Invasive species are a growing problem in the United States. Farmers and government agencies around the world are increasingly concerned about the threats that the spread of invasive species creates for the local ecology, economy and health of the population. Making policies to control or eradicate invasive species is challenging, particularly because these policies bring into question the issue of animal welfare.
In 1999, President Clinton recognized that invasive species are one of the most serious threats to biodiversity when he passed Executive Order 13112. The order was signed in response to the over 123 billion dollars of damage that was estimated to have been done annually in the United States. Invasive species such as zebra mussels and brown tree snakes shut down electrical utilities and caused power outages. Invading sea lampreys caused the collapse of lake trout and other Great Lakes fisheries. Executive Order 13112 of February 3, 1999 defines “invasive species” as an alien species whose introduction does or is likely to cause economic or environmental harm or harm to human health.

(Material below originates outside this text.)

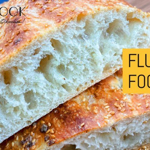 Teig bei 300 Grad 17 min backen, danach mit Wasser besprühen und abkühlen lassen

While no one law addresses all the concerns of invasive species, many other federal laws address some aspect of invasive species. These laws date as far back as 1900, with the Lacey Act, which has a provision that addresses injurious species (animals that injure the interests of human beings and wildlife). They also include the Nonindigenous Aquatic Nuisance Prevention and Control Act, passed in 1990. The Act created a Task Force to control aquatic invasive species. Most recently, Congress is responding to a potential invasive threat in the Great Lakes. Senate Bill 1421, the Asian Carp Prevention and Control Act, is currently pending.
States also enact legislation in order to combat the introduction and spread of invasive species. Nineteen states now have invasive species councils or similar bodies. However, state laws focus mainly on plant invasive species, not animal invasive species.

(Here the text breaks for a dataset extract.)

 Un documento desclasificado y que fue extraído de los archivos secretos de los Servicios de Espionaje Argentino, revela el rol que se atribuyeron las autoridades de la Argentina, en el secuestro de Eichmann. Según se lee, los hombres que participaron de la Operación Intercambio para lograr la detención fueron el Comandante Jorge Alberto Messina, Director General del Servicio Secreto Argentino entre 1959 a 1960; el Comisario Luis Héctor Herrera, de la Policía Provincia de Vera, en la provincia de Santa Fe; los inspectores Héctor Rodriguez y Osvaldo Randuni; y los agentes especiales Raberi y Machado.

While the goal of federal and state laws focuses on the removal of invasive species and the protection of native biodiversity, there are inherent concerns over the eradication methods used and their impact on the invasive animals themselves. No current methods employed in controlling and eradicating invasive animals are entirely successful and many cause stress, trauma and suffering for the animals involved, raising concerns over their humaneness and impacts on animal welfare. Balancing the need to manage invasive species and the welfare of individual animals can be difficult.

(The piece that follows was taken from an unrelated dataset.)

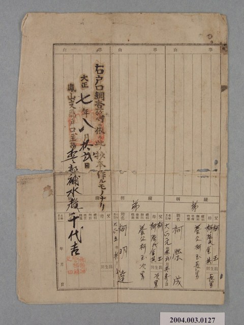 2004.003.0127 大正7年臺南廳大竹里鳳山街戶口名簿

Almost every state has a law prohibiting cruelty to animals. The laws do not explicitly mention invasive species, but many do reference pests. Many of the laws have exemptions for pests, impliedly allowing these animals to be killed inhumanely. The legislators’ intent to include invasive species as pests is unclear, but the multiple exemptions for pests do raise the legal possibility that invasive species are themselves exempted.
As the pace of globalization continues to increase, the threat of new species introductions also increases. Human activity such as trade, travel and tourism is likely to continue to increase substantially, increasing the speed and volume of species movement to unprecedented levels. If the spread of invasive species is not prevented, then their presence in United States ecosystems may become irreversible. Action has been taken at both the federal and state level to limit the spread of invasive species.
There tension between managing invasive animals and protecting the welfare of individual animals is apparent from the laws addressing both invasive species control and animal cruelty. Many control methods raise significant animal welfare issues. Invasive species also impact the welfare of native species through competition for resources and predation. Finding a balance amongst the goals of protecting all animals as well as the human environment will be a continuing struggle in United States law.